Reliability

Reliability is an important consideration in any IoT system as these systems are often used to monitor and control critical systems and processes. Performance is a key aspect of reliability because if the system is not performing well, then it can't keep up and do its job.

Point Metrics

The fundamental operation of SimpleIoT is that it process points, which are changes to nodes. If the system can't process points at the rate they are coming in, then we have a problem as data will start to back up and the system will not be responsive.

Points and other data flow through the NATS messaging system, therefore it is perhaps the first place to look. We track several metrics that are written to the root device node to help track how the system is performing.

The NATS client buffers messages that are received for each subscription and then messages are dispatched serially one message at a time. If the application can't keep up with processing messages, then the number of buffered messages increases. This number is occasionally read and then min/max/avg writen to the metricNatsPending* points in the root device node.

The time required to process points is tracked in the metricNatsCycle* points in the root device node.
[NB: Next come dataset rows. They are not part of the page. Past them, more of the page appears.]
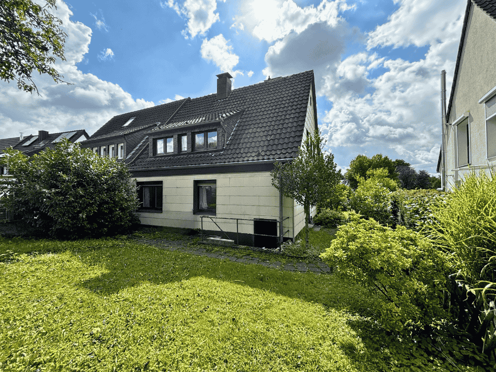 Diese ca. im Jahr 1958 errichtete Doppelhaushälfte bietet auf rund 117 m² Wohnfläche viel Platz für individuelle Gestaltungsmöglichkeiten. Aufgeteilt in insgesamt sieben Zimmer, eine Küche und zwei Bäder, verteilt sich die Wohnfläche auf ca. 69 m² im Erdgeschoss und ca. 49 m² im Obergeschoss. Der nicht ausgebaute Spitzboden eröffnet zusätzliches Ausbaupotenzial und macht das Haus besonders interessant für Familien mit Zukunftsplänen.
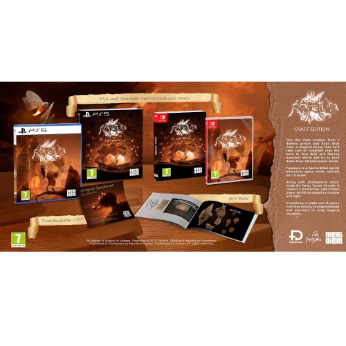 Immerse Yourself in Creativity with Papetura - Craft Edition for PlayStation 5!Explore the magical world of Papetura like never before with the Craft Edition for PlayStation 5. This edition includes exclusive crafting tools, an intricately designed art book, and unique in-game items to elevate your paper-crafted journey. Step into a world built entirely from paper, where stunning visuals and creative puzzles await at every corner.The Craft Edition offers a deeper crafting
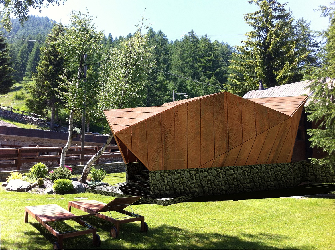 Progetto preliminare di Ampliamento di chalet in Val Chisone (To) con visualizzazione virtuale dell'intervento.

The cycle time is in milliseconds.

We also track point throughput (messages/sec) for various NATS subjects in the metricNatsThroughput* points.

These metrics should be graphed and notifications sent when they are out of the normal range. Rules that trigger on the point type can be installed high in the tree above a group of devices so you don't have to write rules for every device.

Database interactions

Database operations greatly affect system performance. When Points come into the system, we need to store this data in the primary (ex Genji) and time series stores (ex InfluxDB). The time it takes to read and write data greatly impacts how much data we can handle.

IO failures

All errors reading/writing IO devices should be tracked at both the device and bus level. These can be observed over time and abnormal rates can trigger notifications. Error counts should be reported at a low rate to avoid using bandwidth and resources -- especially if multiple counts are incremented on an error (IO and bus).

Logging

Many errors are currently reported as log messages. Eventually some effort should be made to turn these into error counts and possibly store them in the time series store for later analysis.